Previously a method was outlined for testing a die for fairness.
The test calls for rolling the die a large number of times, computing a p-value, and classifying the die as unfair if the p-value is below a significance threshold.
The example uses 100 trials and a significance threshold of .05. It doesn't mention why these numbers are chosen.
The Two Types of Error
To intelligently choose the numbers, we have to consider two types of mistakes. We might reject a fair die, or we might accept an unfair die.The chance of making the first error—rejecting a fair die—is our significance threshold. To reduce the chance of making the first error we make the significance threshold low. A threshold of .05 is a bit high; our test has a 1 in 20 chance of rejecting a fair die!
The Power of a Test
The power of a test is the chance of not making the second error. That is, the power is the chance of rejecting an unfair die.
The power of a test usually depends on how unfair the die is. The more lopsided the chances, the easier it is to detect the unfairness.
An Approximation
Because of the dependence on the amount of unfairness, we can't represent the power as a single percentage. It is natural to characterize an unfair die as a categorical distribution with n - 1 free parameters where n is the number of faces. Even in the case of a d6 we can't plot the power as a function of the free parameters: there are too many.
For this reason let's only consider unfair dice characterized by a single parameter which is the probability of rolling the most likely face. All other faces are assumed to be equally likely.
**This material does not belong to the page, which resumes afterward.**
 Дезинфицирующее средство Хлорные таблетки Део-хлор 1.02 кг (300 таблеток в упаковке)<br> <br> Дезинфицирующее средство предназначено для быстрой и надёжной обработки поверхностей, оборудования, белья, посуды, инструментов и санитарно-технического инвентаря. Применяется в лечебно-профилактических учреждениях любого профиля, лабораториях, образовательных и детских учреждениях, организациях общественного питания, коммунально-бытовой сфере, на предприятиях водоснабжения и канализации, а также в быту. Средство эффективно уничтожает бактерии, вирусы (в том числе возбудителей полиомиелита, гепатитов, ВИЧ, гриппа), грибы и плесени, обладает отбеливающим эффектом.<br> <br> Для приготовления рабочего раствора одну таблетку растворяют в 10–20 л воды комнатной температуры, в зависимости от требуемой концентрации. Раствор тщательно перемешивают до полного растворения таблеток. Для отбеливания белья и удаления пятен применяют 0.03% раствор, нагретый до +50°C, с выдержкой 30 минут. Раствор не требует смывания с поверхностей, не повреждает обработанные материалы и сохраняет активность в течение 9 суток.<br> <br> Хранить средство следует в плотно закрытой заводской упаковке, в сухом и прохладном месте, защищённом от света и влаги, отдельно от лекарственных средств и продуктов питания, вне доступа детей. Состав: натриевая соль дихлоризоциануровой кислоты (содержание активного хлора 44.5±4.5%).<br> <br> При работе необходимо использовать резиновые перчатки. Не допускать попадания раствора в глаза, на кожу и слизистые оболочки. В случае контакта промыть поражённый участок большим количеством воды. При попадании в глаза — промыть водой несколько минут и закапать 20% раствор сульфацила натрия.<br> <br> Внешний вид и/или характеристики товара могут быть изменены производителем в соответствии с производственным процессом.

The Power of the .05 Significance Test
Now we can plot the power of a test, given the probability of the mostly likely face.
If we increase the number of trials, the chance of detecting an unfair die goes up. Even if we only do 100 trials, the chance of detecting an unfair die where one of the faces is twice as likely as expected is about 90%.
I would like the percentage to be higher, but when I think the about the effort of making 200 trials instead, the percentage seems acceptable.
I would like the percentage to be higher, but when I think the about the effort of making 200 trials instead, the percentage seems acceptable.
The code used for calculating the power of a test is online. It uses the Monte Carlo method as discussed previously. The number of Monte Carlo trials was 10,000 which gives a 95% confidence our estimate is within 1%.
The Power of the .01 Significance Test
What if we decide to use a .01 significance level instead?
The chart doesn't change much. The chance of detecting the die where one of the faces is twice as likely as expected is now 77%.